Ces trois articles sont immédiatement suivis d’une conclusion générale, particulièrement importante. Cette partie importante de notre argumentaire tente de justifier le faible impact des TIC sur le rendement. Nous sollicitons alors la description de l’intervention des TIC dans les processus de traduction et de révision; on comprend notamment que les outils utilisés ainsi que leur intégration sont peu efficients; ainsi, nous éclairons alors l’objectif un à l’aide des données récoltées dans le cadre de l’objectif deux. Dans la même veine, les données amassées lors du troisième objectif spécifique de recherche nous permettent de comprendre l’inadéquation entre les bénéfices prêtés aux TIC par les élèves et les faibles impacts mesurés. Il apparaît que l’ordinateur motive les utilisateurs; ainsi ces derniers leur prêtent-ils des vertus et sont-ils appâtés par un potentiel

dont ils ne bénéficient pourtant pas.
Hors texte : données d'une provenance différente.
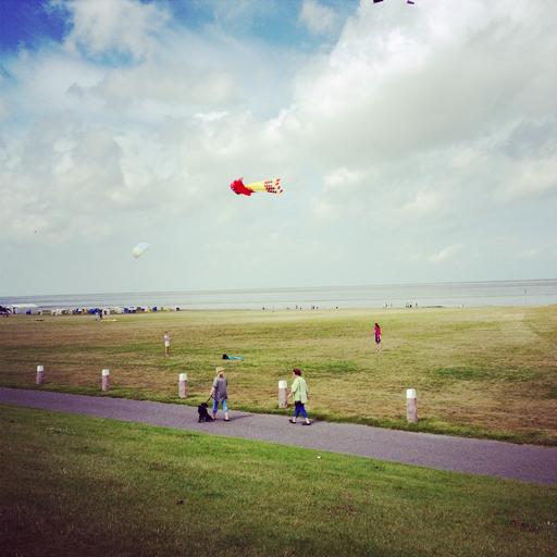 Keywords: north sea coast beach clouds water sky norddeich north picturesque nature steering dragon kite flying dragons wind

C’est ce que nous permet de dégager l’analyse conjointe des objectifs un et trois.

Nous le constatons donc : l’ordre de présentation des articles n’est ni innocent ni aléatoire. Nous avons d’abord présenté l’article dans lequel nous tentons d’établir un lien entre un mode d’écriture et la compétence scripturale. Les deux articles subséquents concernent des variables modulant l’habileté scripturale; nous les présentons donc dans un deuxième temps, de façon à ce qu’ils expliquent l’analyse ébauchée dans le premier article.

Par souci d’uniformité, notons que ces trois textes sont bâtis sur le canevas proposé par la Revue des sciences de l’éducation. Si nous avons l’autorisation de les diffuser, ils seront adaptés afin de correspondre aux exigences des revues ciblées. Si nous n’avons pu éviter d’immanquables redondances, nous avons tâché de les limiter. Malgré nos efforts pour nous assurer de la cohérence des propos, ces articles trouvent toute leur force lorsqu’on les analyse l’un et l’autre de façon complémentaire : ils permettent alors de saisir l’impact des TIC sur l’écriture de façon globale, ce que peu de travaux ont permis d’embrasser d’un seul regard. Bien que ces textes comportent assurément des lacunes, nous en avons été l’unique expérimentateur, puis l’unique rédacteur : nous croyons donc avoir apporté une contribution qui, bien qu’elle soit humble, s’est voulue la plus originale possible.